When the 2018 Farm Bill was signed into law last year, the hemp industry rejoiced. No longer tied to its THC-heavy cousin, the non-psychoactive industrial plant is now legal to grow across the country. But with so many CBD products now ubiquitous, police are running into problems distinguishing between legal hemp and illegal weed. That’s where the Swiss come in.
According to a new report from NBC Washington, a number of stateside police departments are experimenting with a new drug testing kit produced and developed by Swiss scientist. The tech could soon be used to make on-the-spot determinations regarding if a sample is hemp with high CBD, or cannabis with plenty of THC.
The tests — which look and perform similar to the current THC testing kits used by American police — were designed and implemented after Switzerland legalized cannabis with 1% THC or less in 2011. If the test comes in contact with a substance high in THC, the chemical solution will turn blue, and if the substance is high in CBD, the solution will turn purplish-pink. Current cannabis tests used by US police only turn colors when THC is present.
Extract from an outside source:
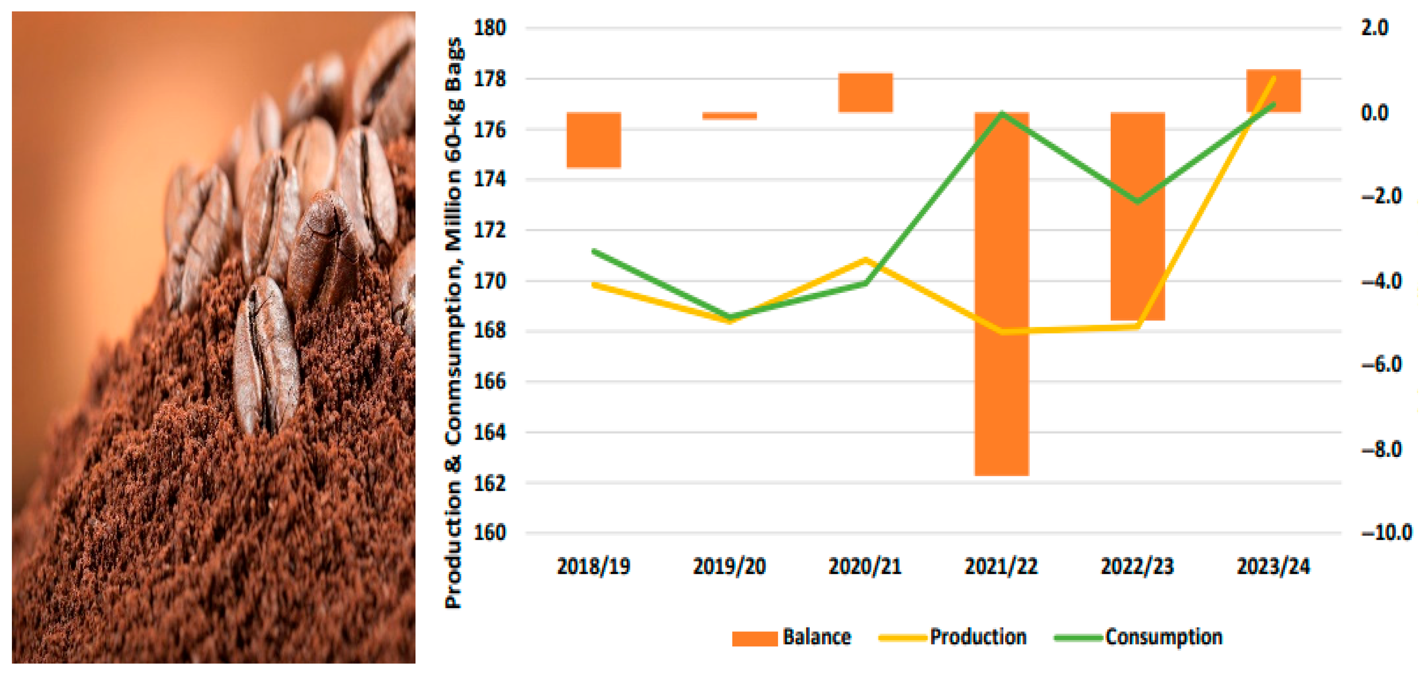 - International Coffee Organization ICO. International Coffee Organization Coffee Report and Outlook. 2023. Available online: https://icocoffee.org/documents/cy2023-24/Coffee_Report_and_Outlook_December_2023_ICO.pdf (accessed on 19 August 2025).

"With the way laws are changing in each state, this could blow up probably overnight," John Waldheim, the sole US distributor of the Swiss testing kits, told NBC.
Since the Farm Bill was passed last year, a number of police departments across Texas and Florida have changed their cannabis arrest policies to address the hemp-blindness of their current testing kits. Without the ability to tell the difference between hemp and weed, police in Miami have gone as far as to stop using the smell of cannabis as probable cause for property searches. Accordingly, Waldheim says that police departments across Florida alone have placed more than 25,000 orders for the Swiss cannabis testing kits.
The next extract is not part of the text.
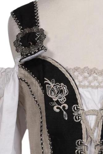 | Details | Stickerei, Schnürung, Spitze, Kurzarm, V-Ausschnitt, Reißverschluss/Knöpfe hinten, Floral |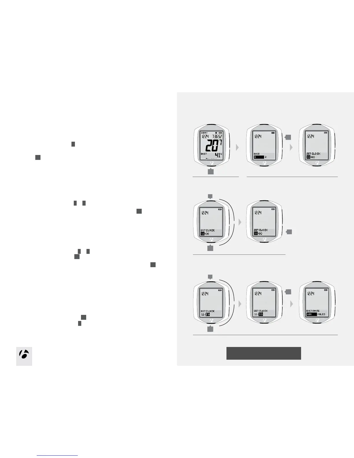 To save the clock settings and proceed to the set Distance Units, press

When it comes to cannabis drug testing in the wake of legalization, most efforts have focused on roadside tests to determine whether a cannabis user is actually intoxicated when they are confronted by police. Because cannabinoids remain in the system for up to a month after last use, determining whether a driver is high at the time of a stop is nearly impossible without more advanced breathalyzer tests. Because the Swiss tests are only able to determine the presence of THC in a substance and not a person, the new kits will not be useful for roadside purposes in cannabis legal states.
For CBD-lovers and industry insiders who like to carry legal hemp, though, the new testing kits could be a lifesaver when proving to police officers that a CBD vape, oil, or bud is legit, and not just a claim to elude arrest. But while a number of US police agencies are already ordering the tests to research their efficacy, no stateside department has authorized the field use of the Swiss tests quite yet.